Вселенная Г. Ф. Лавкрафта. Свободные продолжения. Книга 6

22
18
20
22
24
26
28
30

Свет фар помог мне внимательно рассмотреть его: обыкновенный, очень уютный домик с двумя верандами; искусно сложенная башенка, напоминающая собой православный церковный купол; из трубы призывно струился дым — точно также, как из готического окна на втором этаже свет.

Конечно, первым моим чувством была радость по поводу получения давно утраченной надежды на ночлег под крышей; однако к этой радости примешивалось чувство стыда — ну, как это будет смотреться, если я вломлюсь в три часа ночи в незнакомый мне коттедж с просьбой принять меня до наступления утра? Однако снег свирепствовал и не думал прекращаться. И только благодаря ему я стал участником поразительных, таинственных событий, о которых мне никогда не узнать, не побори я своей робости постучаться в чужую дверь глухой ночью. Но так уж случилось, что я заглушил мотор автомобиля у самого крыльца, после чего поднялся по ступеням, проклиная слепящий глаза снег и, держась за резные деревянные перила, постучал кулаком в массивную, украшенную по углам какими-то химерами, дверь.

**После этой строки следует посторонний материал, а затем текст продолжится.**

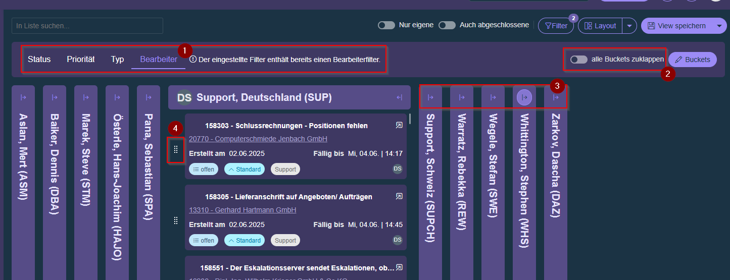 - Drag & Drop-Funktion(4): Tickets können nun per Drag & Drop (über das Symbol mit den 6 Punkten) zwischen Buckets verschoben werden. Dabei wird der Status, die Priorität, der Typ oder der Bearbeiter durch die Zielspalte ersetzt.
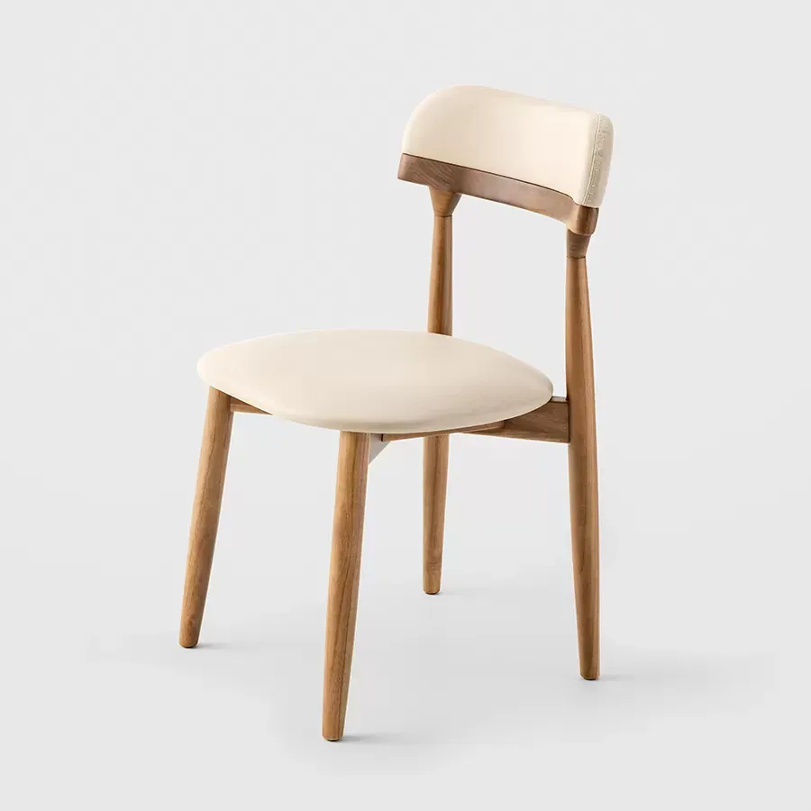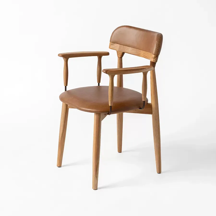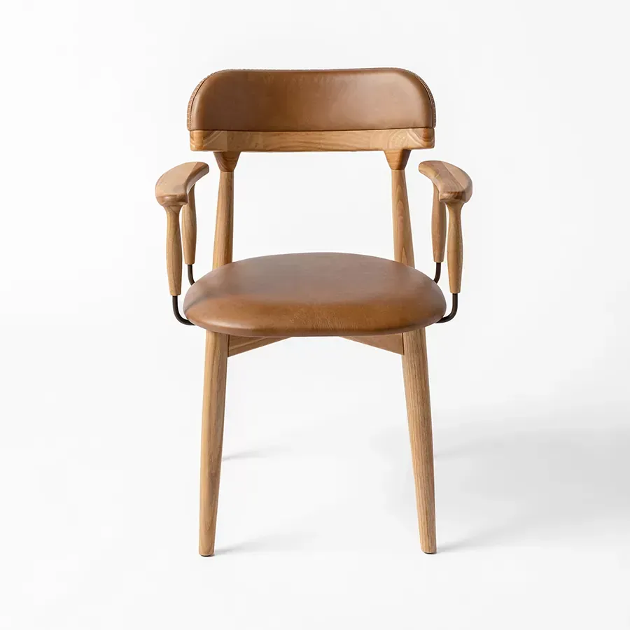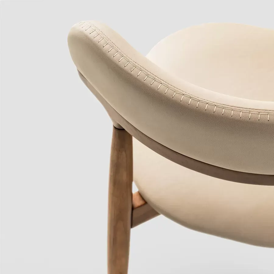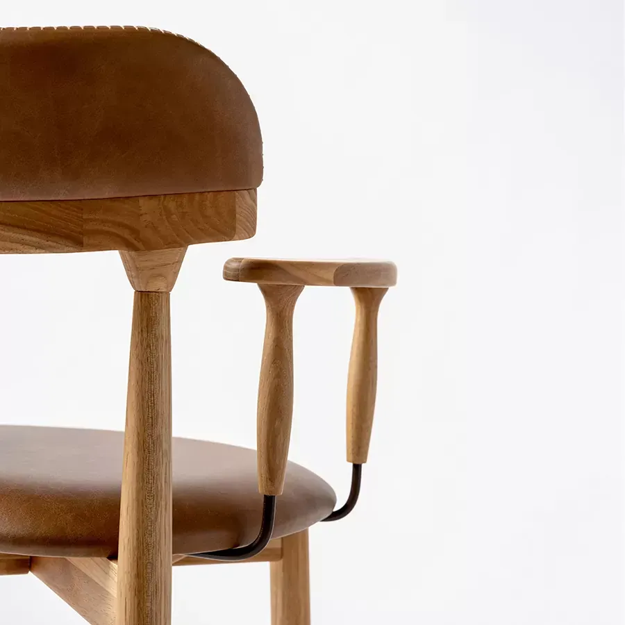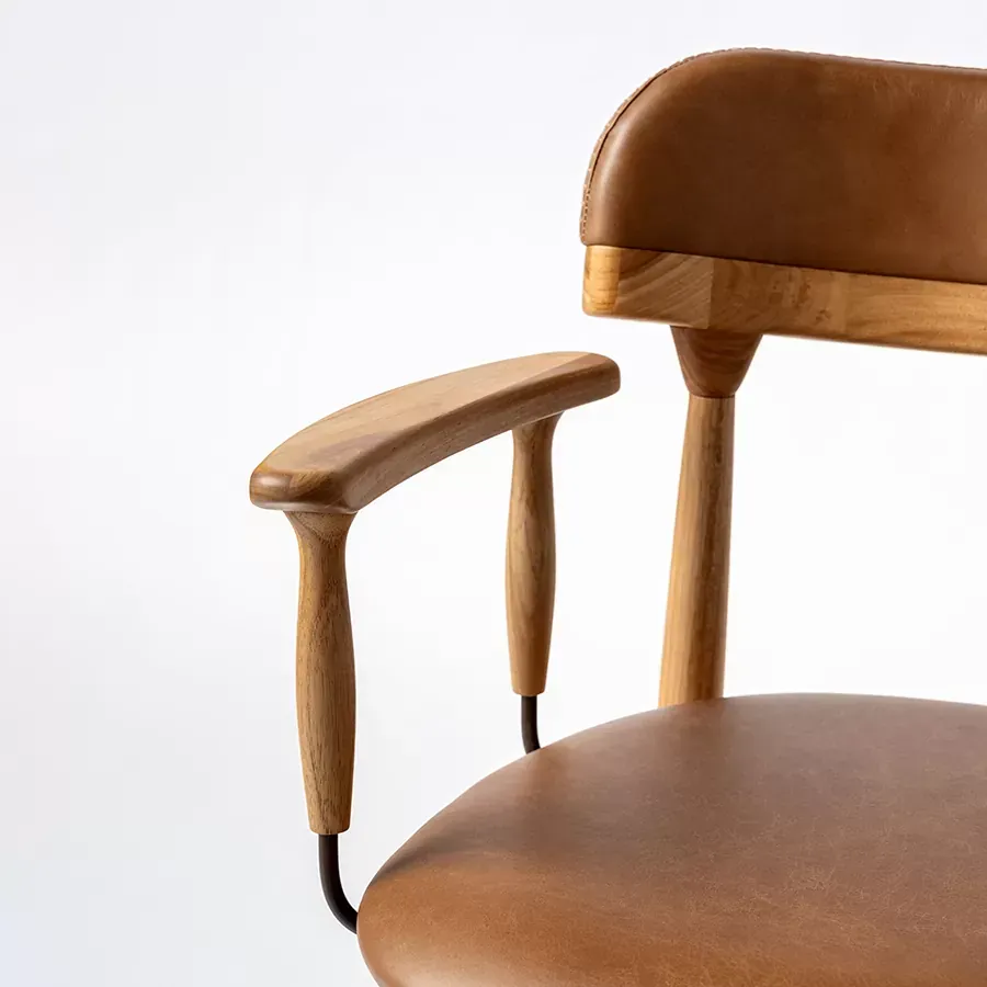 A postura vigilante do pássaro símbolo do Rio Grande do Sul, o quero-quero, foi o ponto de partida do desenho desta cadeira. A estrutura esguia, dos pés traseiros, pontua a união entre a madeira e a parte estofada do espaldar. Uma única costura com pesponto de linha grossa chama atenção no topo do encosto.

Пару минут никто не открывал, хотя я и заметил, что в прихожей загорелся свет; затем послышались мягкие шаги, чей-то кашель (или это ветер свистел в моих ушах?) — и двери были открыты симпатичной, лет тридцати пяти, женщиной. Она была стройна, черноволоса; локоны падали по плечам. На ней был тёплый мягкий халат из синего бархата. Лицо было овальным; его можно было назвать по-мужски волевым, если его обладательница не имела бы чисто женских, нежных, чуть приоткрытых полных губ и мечтательных серых глаз. В её маленьких ушах при каждом движении покачивались лёгкие коралловые серьги.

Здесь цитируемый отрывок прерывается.